*** Opening of DATA SUPPLIED ***

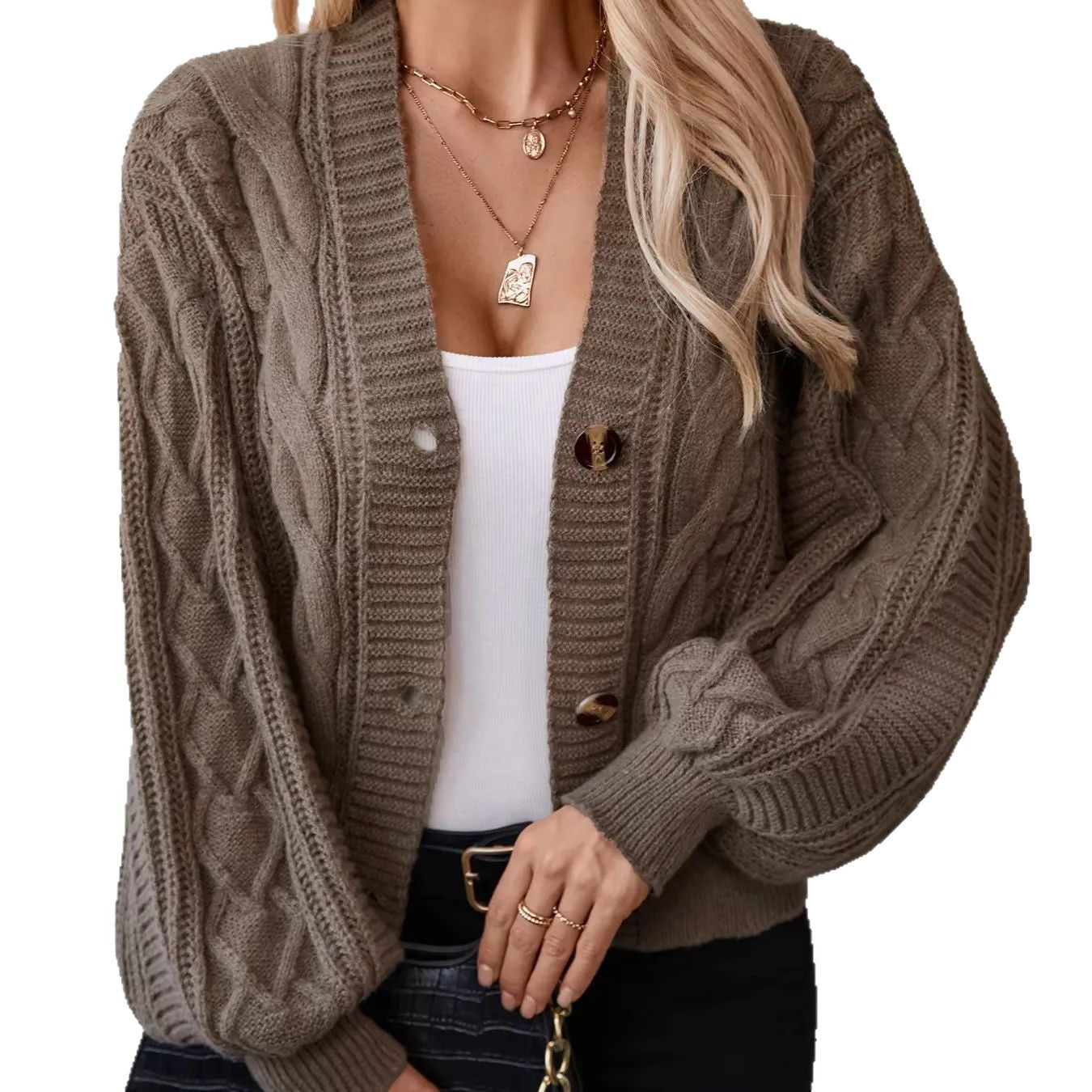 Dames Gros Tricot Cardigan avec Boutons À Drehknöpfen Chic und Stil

*** Close of DATA SUPPLIED ***
*** Opening of DATA SUPPLIED ***

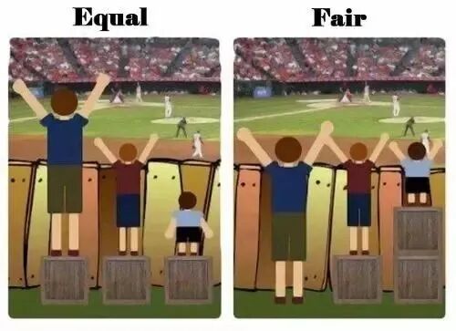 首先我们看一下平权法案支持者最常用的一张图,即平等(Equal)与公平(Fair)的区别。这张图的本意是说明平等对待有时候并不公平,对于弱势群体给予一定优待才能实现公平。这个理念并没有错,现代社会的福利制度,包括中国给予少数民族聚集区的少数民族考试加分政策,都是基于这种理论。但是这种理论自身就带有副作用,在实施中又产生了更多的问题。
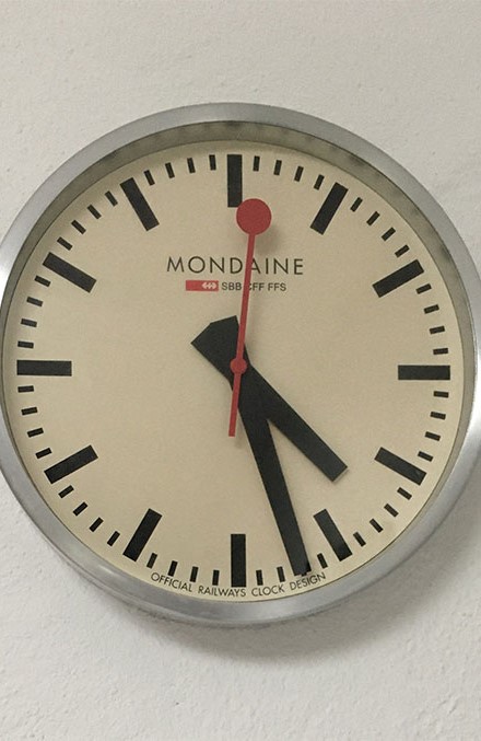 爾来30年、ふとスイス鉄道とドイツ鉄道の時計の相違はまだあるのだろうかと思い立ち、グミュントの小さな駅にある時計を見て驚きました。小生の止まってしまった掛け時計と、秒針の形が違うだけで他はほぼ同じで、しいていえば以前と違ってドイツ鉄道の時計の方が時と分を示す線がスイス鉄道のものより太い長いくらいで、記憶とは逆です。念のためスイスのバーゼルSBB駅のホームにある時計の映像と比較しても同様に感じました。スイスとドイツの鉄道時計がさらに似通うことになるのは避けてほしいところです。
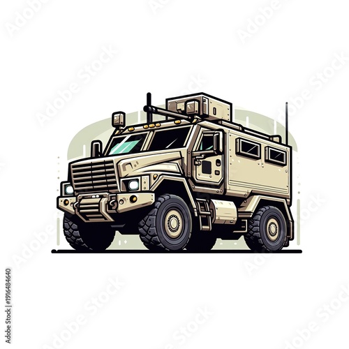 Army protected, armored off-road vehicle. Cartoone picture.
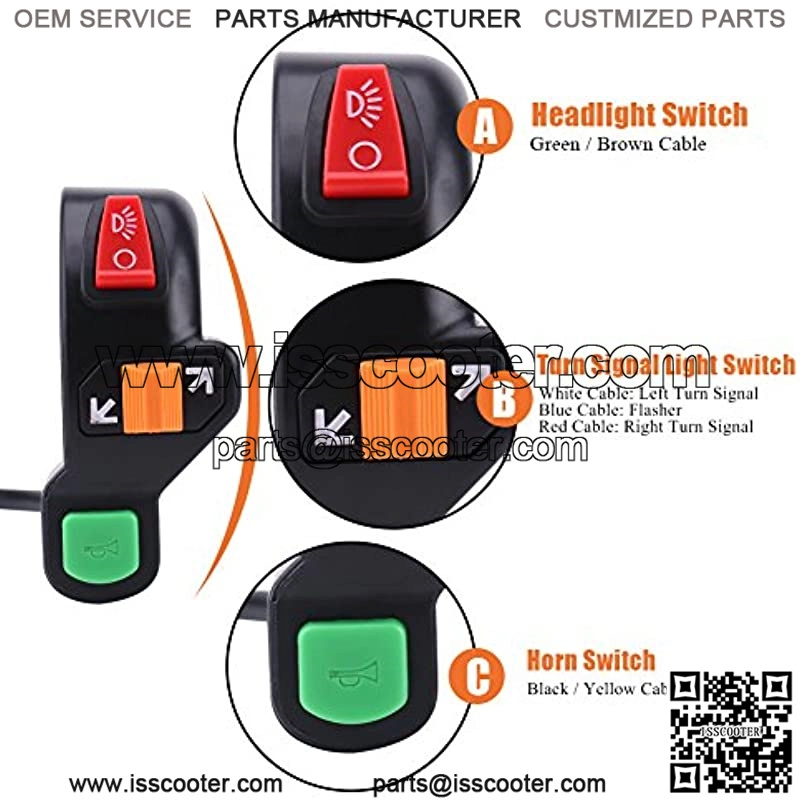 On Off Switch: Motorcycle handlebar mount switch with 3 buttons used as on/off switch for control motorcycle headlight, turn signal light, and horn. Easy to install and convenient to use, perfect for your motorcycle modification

*** Close of DATA SUPPLIED ***

▸ **TASK OBJECTIVE**
What to print is the stretch of entries from the line with "首先我们看一下平权法案支持者" up to and including the line with "On Off Switch: Motorcycle". Please print it exactly and leave out the pictures.

▸ **FINISHED TASK**
 首先我们看一下平权法案支持者最常用的一张图,即平等(Equal)与公平(Fair)的区别。这张图的本意是说明平等对待有时候并不公平,对于弱势群体给予一定优待才能实现公平。这个理念并没有错,现代社会的福利制度,包括中国给予少数民族聚集区的少数民族考试加分政策,都是基于这种理论。但是这种理论自身就带有副作用,在实施中又产生了更多的问题。
 爾来30年、ふとスイス鉄道とドイツ鉄道の時計の相違はまだあるのだろうかと思い立ち、グミュントの小さな駅にある時計を見て驚きました。小生の止まってしまった掛け時計と、秒針の形が違うだけで他はほぼ同じで、しいていえば以前と違ってドイツ鉄道の時計の方が時と分を示す線がスイス鉄道のものより太い長いくらいで、記憶とは逆です。念のためスイスのバーゼルSBB駅のホームにある時計の映像と比較しても同様に感じました。スイスとドイツの鉄道時計がさらに似通うことになるのは避けてほしいところです。
 Army protected, armored off-road vehicle. Cartoone picture.
 On Off Switch: Motorcycle handlebar mount switch with 3 buttons used as on/off switch for control motorcycle headlight, turn signal light, and horn. Easy to install and convenient to use, perfect for your motorcycle modification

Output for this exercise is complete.